PROVIDED ENTRIES START

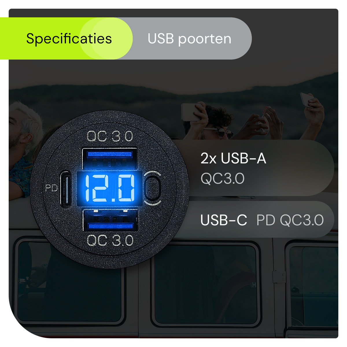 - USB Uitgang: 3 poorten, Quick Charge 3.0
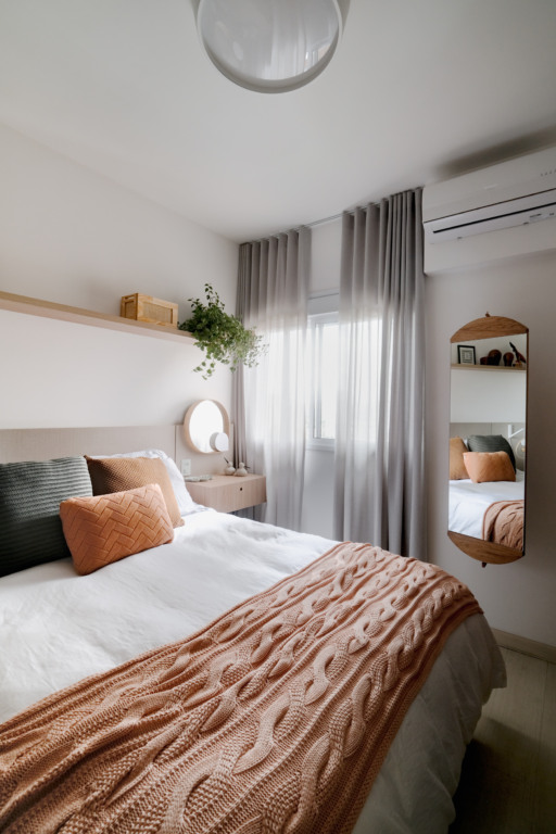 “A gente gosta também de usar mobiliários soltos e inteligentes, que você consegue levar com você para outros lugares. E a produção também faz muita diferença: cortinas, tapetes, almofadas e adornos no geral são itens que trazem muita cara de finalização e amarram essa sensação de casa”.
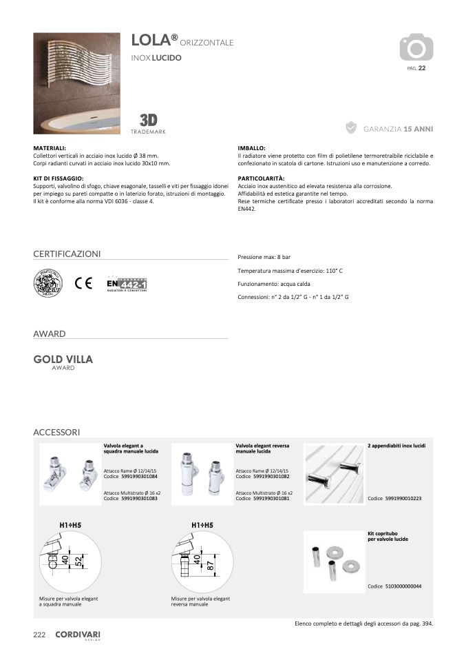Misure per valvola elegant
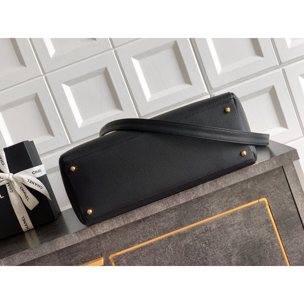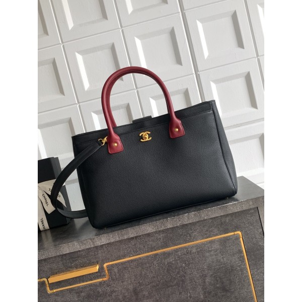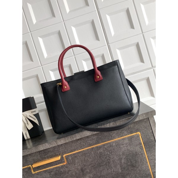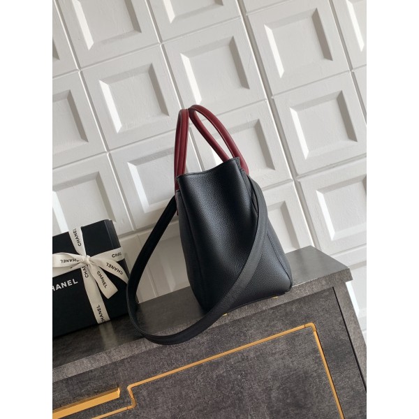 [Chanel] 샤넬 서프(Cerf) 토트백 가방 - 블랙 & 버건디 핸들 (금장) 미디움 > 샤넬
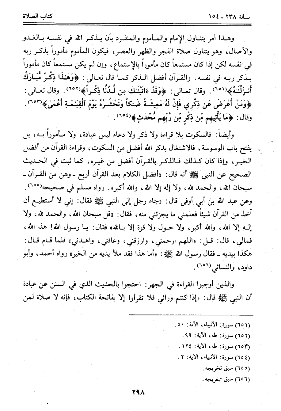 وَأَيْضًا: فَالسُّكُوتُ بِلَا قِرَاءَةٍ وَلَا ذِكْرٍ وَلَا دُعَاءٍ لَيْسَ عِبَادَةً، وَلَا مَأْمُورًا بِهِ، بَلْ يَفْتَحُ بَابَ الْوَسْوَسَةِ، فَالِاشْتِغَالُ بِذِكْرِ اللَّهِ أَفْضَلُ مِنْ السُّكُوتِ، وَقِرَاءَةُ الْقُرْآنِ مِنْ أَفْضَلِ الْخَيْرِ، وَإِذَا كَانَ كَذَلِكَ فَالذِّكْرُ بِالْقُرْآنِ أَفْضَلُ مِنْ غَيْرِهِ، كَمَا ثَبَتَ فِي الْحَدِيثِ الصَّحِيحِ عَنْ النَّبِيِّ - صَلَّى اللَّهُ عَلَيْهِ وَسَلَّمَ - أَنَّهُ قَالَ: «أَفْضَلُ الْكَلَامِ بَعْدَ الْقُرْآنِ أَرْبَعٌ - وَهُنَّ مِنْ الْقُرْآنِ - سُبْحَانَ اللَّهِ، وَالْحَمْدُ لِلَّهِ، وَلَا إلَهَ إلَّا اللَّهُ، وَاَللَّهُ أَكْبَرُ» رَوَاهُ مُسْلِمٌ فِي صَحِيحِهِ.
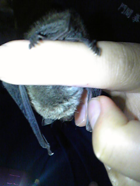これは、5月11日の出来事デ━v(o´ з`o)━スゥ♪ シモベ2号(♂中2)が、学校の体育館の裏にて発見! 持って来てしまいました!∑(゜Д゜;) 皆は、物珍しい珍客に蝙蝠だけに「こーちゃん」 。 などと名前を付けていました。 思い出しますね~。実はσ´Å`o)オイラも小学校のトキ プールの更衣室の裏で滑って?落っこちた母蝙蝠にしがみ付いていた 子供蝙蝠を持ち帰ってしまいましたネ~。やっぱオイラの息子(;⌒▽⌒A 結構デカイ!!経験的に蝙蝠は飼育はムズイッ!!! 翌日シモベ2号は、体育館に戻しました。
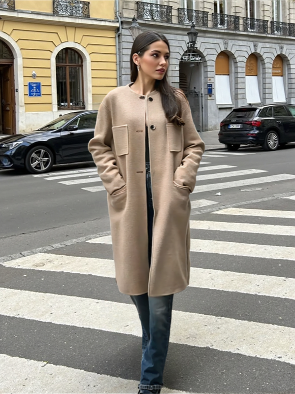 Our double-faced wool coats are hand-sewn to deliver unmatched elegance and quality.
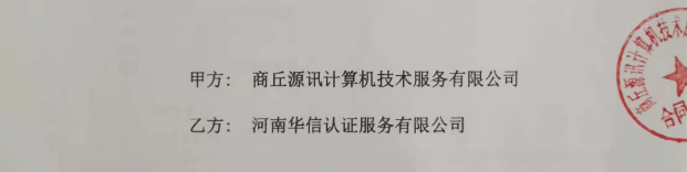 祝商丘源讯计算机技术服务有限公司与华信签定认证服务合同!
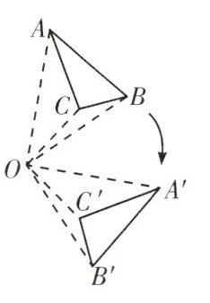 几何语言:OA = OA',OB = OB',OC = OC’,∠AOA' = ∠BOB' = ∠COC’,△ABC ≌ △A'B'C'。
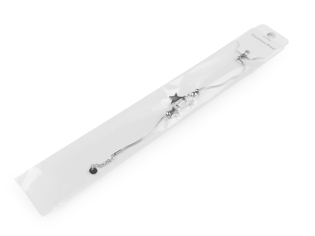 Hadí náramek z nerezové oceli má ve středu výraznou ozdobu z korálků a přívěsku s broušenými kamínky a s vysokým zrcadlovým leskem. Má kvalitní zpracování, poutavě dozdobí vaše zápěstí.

PROVIDED ENTRIES END

EXERCISE BRIEF – From the records above, copy only the lines running from the line holding "Misure per valvola elegant" through the line holding "[Chanel] 샤넬 서프(Cerf)", with no pictures.

SOLUTION –
Misure per valvola elegant
 [Chanel] 샤넬 서프(Cerf) 토트백 가방 - 블랙 & 버건디 핸들 (금장) 미디움 > 샤넬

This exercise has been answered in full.